Protein binding and cross-linking assays: RCC1 binding and cross-linking analyses were conducted using NCP assembled with H. sapiens histones and a 145 bp DNA fragment32. For the RCC1 experiments, 1 µM NCP, in a buffer of 20 mM K-cacodylate [pH 6.0], was incubated with 10/20 µM RAPTA-C (Fig. 8a), 100/150 µM RAPTA-C (Fig. 8b), 10/15/20 µM RR, 5/10 µM C2 or 5/10 µM C10 (Fig. 8a) at room temperature for ~13 h. Native or treated NCP (0.5 µM) were subsequently incubated with RCC1 (2 µM) in 20 mM K-cacodylate [pH 6.0] buffer on ice for 15 min. The samples were subjected to native PAGE at 4 °C, and gels were stained with coomassie brilliant blue.
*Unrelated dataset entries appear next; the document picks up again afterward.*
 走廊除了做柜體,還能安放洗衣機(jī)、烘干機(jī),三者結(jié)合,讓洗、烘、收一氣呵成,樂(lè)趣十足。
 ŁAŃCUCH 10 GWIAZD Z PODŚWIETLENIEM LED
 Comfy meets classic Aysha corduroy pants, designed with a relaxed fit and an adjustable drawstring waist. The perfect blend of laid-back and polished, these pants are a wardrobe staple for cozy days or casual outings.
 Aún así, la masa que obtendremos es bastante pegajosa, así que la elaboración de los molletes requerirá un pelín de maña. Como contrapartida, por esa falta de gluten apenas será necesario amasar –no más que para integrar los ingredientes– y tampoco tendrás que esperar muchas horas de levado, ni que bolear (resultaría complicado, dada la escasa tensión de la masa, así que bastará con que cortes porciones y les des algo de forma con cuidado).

For the nucleosome cross-linking experiments, 1 µM NCP, in a buffer of 20 mM K-cacodylate [pH 6.0], was incubated with 10/20 µM RAPTA-C, 10/20 µM RR, 10/20 µM C2 or 10/20 µM C10 at room temperature for 24 h. Samples were subsequently analysed with native PAGE, and gels were stained with coomassie brilliant blue.
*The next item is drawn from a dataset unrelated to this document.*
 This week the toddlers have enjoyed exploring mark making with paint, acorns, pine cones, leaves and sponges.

For the analysis of histone protein cross-linking under denaturing conditions, 1 μM NCP, in a buffer of 20 mM K-cacodylate [pH 6.0], was incubated with 10/20 μM RAPTA-C, 10/20 μM RR, 10/20 μM C2 or 10/20 μM C10 at room temperature overnight. Five microlitres of 5× loading dye (250 mM Tris-HCl [pH 6.8], 10% w/v sodium dodecyl sulfate (SDS), 25 mM dithiothreitol, 0.1% w/v bromophenol blue, 50% v/v glycerol) was added to the 20 μl reaction mix, followed by a 1 min incubation at 95 °C. After brief centrifugation, samples were loaded onto a 15% SDS-PAGE gel, and the gel was subsequently stained with coomassie brilliant blue. Histone protein identity was assessed by subjecting bands excised from the SDS-PAGE gel to matrix assisted laser desorption/ionization-time of flight (MALDI-TOF) mass spectrometry and by western blot analysis. Anti-H2A (ab13923) and anti-H2B (ab1790) western blotting was performed following the vendor’s protocol (AbCam, UK; primary antibodies employed at 1000-fold dilution relative to company-supplied aliquots). The secondary antibody corresponded to HRP-linked goat pAb anti-rabbit IgG (ab6721) employed at 5000-fold dilution. Data shown in Supplementary Fig. 14b correspond to uncropped blot scans.

Data availability

Atomic coordinates and structure factors for the NCP models with RR, SS, RS and C2 adducts have been deposited in the Protein Data Bank under accession codes 5XF3, 5XF4, 5XF5 and 5XF6, respectively. Other data that support the findings of this study are available from the corresponding authors upon request.